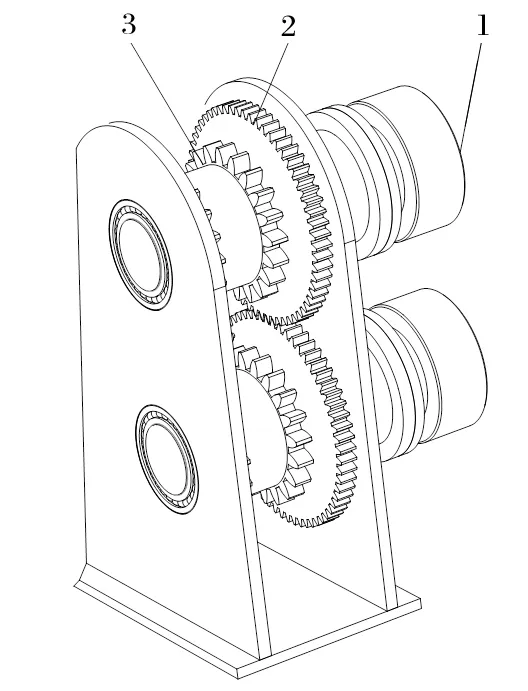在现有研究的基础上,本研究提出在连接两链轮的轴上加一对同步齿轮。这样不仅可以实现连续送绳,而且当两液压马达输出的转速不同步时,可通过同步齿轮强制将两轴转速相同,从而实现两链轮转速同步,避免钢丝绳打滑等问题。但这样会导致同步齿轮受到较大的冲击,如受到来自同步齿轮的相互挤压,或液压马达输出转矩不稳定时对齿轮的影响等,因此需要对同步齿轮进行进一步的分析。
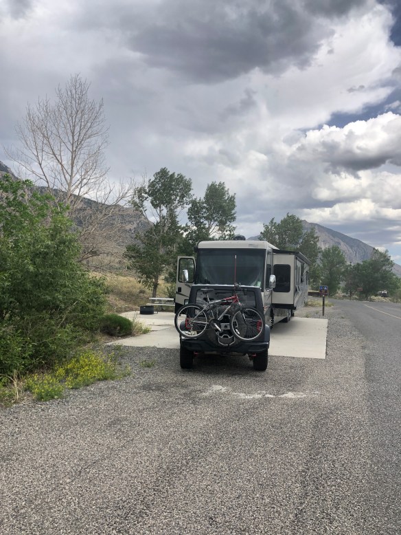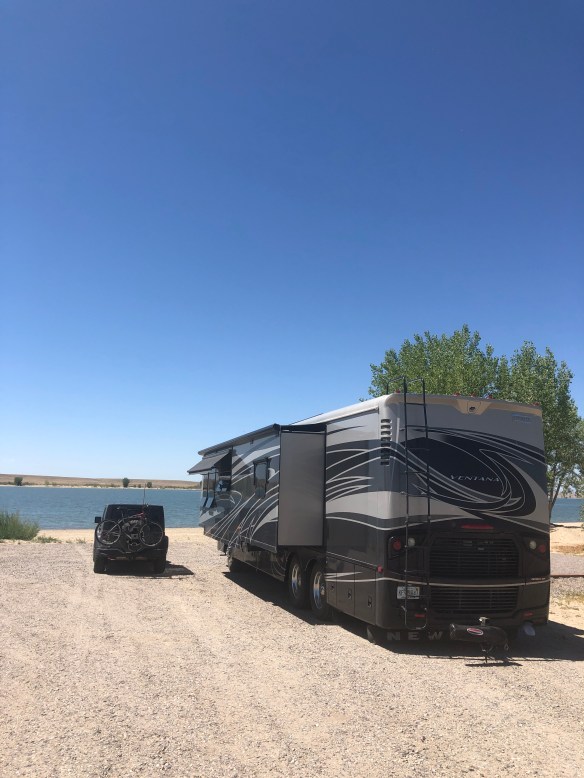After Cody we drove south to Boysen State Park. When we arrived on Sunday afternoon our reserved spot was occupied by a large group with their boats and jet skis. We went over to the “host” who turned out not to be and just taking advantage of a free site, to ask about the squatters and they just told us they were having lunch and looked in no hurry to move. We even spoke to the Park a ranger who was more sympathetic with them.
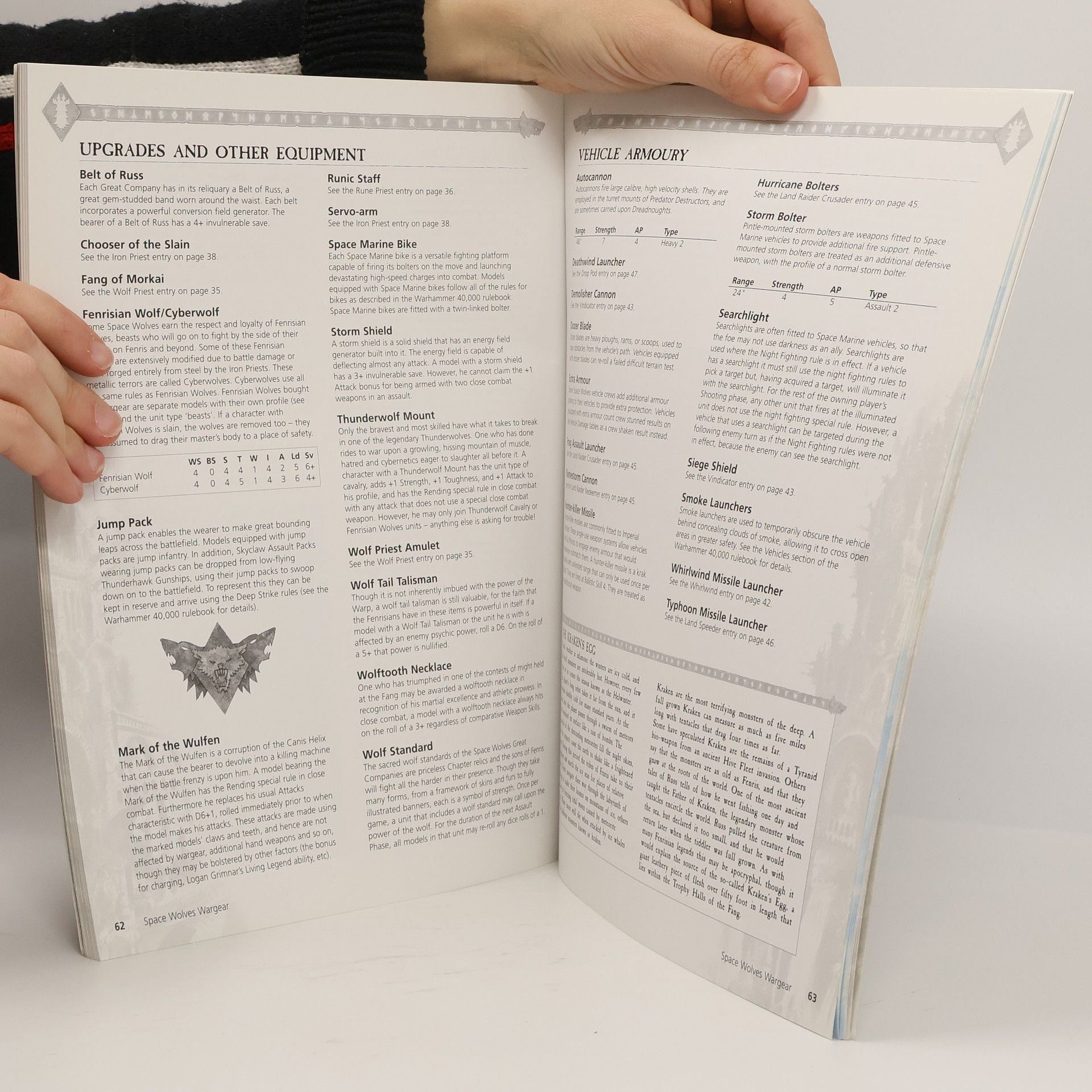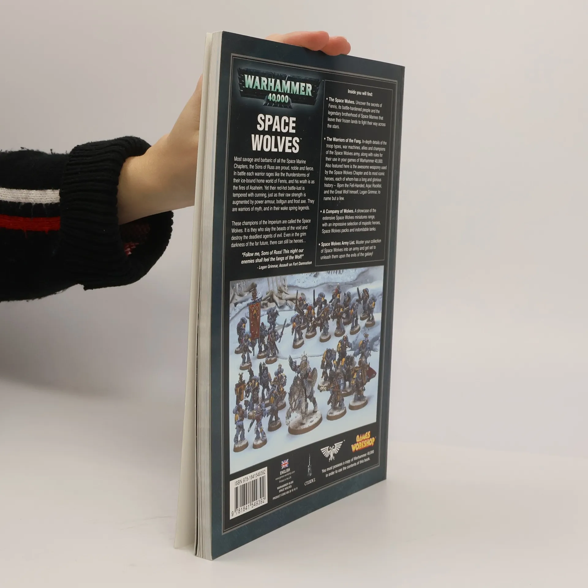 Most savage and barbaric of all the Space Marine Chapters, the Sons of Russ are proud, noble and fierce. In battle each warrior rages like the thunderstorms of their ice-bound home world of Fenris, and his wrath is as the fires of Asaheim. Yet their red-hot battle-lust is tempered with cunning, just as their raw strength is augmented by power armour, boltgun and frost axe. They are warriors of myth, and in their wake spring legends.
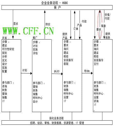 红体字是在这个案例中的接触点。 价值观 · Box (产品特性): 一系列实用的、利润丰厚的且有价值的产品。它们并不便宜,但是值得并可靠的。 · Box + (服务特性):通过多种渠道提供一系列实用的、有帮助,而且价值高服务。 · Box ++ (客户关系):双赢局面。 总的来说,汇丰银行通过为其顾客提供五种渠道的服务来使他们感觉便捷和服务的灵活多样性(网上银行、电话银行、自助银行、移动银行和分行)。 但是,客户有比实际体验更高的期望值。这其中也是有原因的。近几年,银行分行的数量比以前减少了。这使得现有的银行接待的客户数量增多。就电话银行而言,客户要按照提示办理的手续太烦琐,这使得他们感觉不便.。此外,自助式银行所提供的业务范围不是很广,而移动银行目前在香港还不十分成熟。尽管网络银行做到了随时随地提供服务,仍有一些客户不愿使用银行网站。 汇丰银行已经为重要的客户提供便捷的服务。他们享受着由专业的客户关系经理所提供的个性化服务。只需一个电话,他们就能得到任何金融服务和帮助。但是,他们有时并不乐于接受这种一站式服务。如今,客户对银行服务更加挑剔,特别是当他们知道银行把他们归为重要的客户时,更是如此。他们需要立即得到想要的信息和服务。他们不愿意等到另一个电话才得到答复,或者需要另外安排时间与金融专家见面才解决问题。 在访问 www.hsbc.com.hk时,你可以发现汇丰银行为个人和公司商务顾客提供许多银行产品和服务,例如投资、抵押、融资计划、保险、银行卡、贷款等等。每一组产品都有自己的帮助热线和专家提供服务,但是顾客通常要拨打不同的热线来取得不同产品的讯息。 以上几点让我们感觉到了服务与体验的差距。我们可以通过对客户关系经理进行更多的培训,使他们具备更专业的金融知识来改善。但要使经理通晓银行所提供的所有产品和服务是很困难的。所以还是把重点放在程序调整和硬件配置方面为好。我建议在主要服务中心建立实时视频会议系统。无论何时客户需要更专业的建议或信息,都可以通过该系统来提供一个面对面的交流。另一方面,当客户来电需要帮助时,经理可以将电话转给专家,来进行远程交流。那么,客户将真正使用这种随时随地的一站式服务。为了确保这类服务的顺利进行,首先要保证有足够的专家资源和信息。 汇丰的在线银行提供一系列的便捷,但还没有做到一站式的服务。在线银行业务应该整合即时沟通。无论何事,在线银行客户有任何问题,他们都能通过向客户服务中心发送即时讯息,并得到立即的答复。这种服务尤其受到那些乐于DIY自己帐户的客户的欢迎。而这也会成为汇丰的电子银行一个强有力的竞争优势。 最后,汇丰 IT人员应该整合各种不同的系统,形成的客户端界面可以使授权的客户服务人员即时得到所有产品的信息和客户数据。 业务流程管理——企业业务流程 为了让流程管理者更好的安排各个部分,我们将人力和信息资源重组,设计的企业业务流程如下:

....

REQUIRED ACTION: When you find the line that contains "Most savage and", retype it and every line after it through the end of the data above, exactly, with no pictures.

EXPECTED OUTPUT:
 Most savage and barbaric of all the Space Marine Chapters, the Sons of Russ are proud, noble and fierce. In battle each warrior rages like the thunderstorms of their ice-bound home world of Fenris, and his wrath is as the fires of Asaheim. Yet their red-hot battle-lust is tempered with cunning, just as their raw strength is augmented by power armour, boltgun and frost axe. They are warriors of myth, and in their wake spring legends.
 红体字是在这个案例中的接触点。 价值观 · Box (产品特性): 一系列实用的、利润丰厚的且有价值的产品。它们并不便宜,但是值得并可靠的。 · Box + (服务特性):通过多种渠道提供一系列实用的、有帮助,而且价值高服务。 · Box ++ (客户关系):双赢局面。 总的来说,汇丰银行通过为其顾客提供五种渠道的服务来使他们感觉便捷和服务的灵活多样性(网上银行、电话银行、自助银行、移动银行和分行)。 但是,客户有比实际体验更高的期望值。这其中也是有原因的。近几年,银行分行的数量比以前减少了。这使得现有的银行接待的客户数量增多。就电话银行而言,客户要按照提示办理的手续太烦琐,这使得他们感觉不便.。此外,自助式银行所提供的业务范围不是很广,而移动银行目前在香港还不十分成熟。尽管网络银行做到了随时随地提供服务,仍有一些客户不愿使用银行网站。 汇丰银行已经为重要的客户提供便捷的服务。他们享受着由专业的客户关系经理所提供的个性化服务。只需一个电话,他们就能得到任何金融服务和帮助。但是,他们有时并不乐于接受这种一站式服务。如今,客户对银行服务更加挑剔,特别是当他们知道银行把他们归为重要的客户时,更是如此。他们需要立即得到想要的信息和服务。他们不愿意等到另一个电话才得到答复,或者需要另外安排时间与金融专家见面才解决问题。 在访问 www.hsbc.com.hk时,你可以发现汇丰银行为个人和公司商务顾客提供许多银行产品和服务,例如投资、抵押、融资计划、保险、银行卡、贷款等等。每一组产品都有自己的帮助热线和专家提供服务,但是顾客通常要拨打不同的热线来取得不同产品的讯息。 以上几点让我们感觉到了服务与体验的差距。我们可以通过对客户关系经理进行更多的培训,使他们具备更专业的金融知识来改善。但要使经理通晓银行所提供的所有产品和服务是很困难的。所以还是把重点放在程序调整和硬件配置方面为好。我建议在主要服务中心建立实时视频会议系统。无论何时客户需要更专业的建议或信息,都可以通过该系统来提供一个面对面的交流。另一方面,当客户来电需要帮助时,经理可以将电话转给专家,来进行远程交流。那么,客户将真正使用这种随时随地的一站式服务。为了确保这类服务的顺利进行,首先要保证有足够的专家资源和信息。 汇丰的在线银行提供一系列的便捷,但还没有做到一站式的服务。在线银行业务应该整合即时沟通。无论何事,在线银行客户有任何问题,他们都能通过向客户服务中心发送即时讯息,并得到立即的答复。这种服务尤其受到那些乐于DIY自己帐户的客户的欢迎。而这也会成为汇丰的电子银行一个强有力的竞争优势。 最后,汇丰 IT人员应该整合各种不同的系统,形成的客户端界面可以使授权的客户服务人员即时得到所有产品的信息和客户数据。 业务流程管理——企业业务流程 为了让流程管理者更好的安排各个部分,我们将人力和信息资源重组,设计的企业业务流程如下:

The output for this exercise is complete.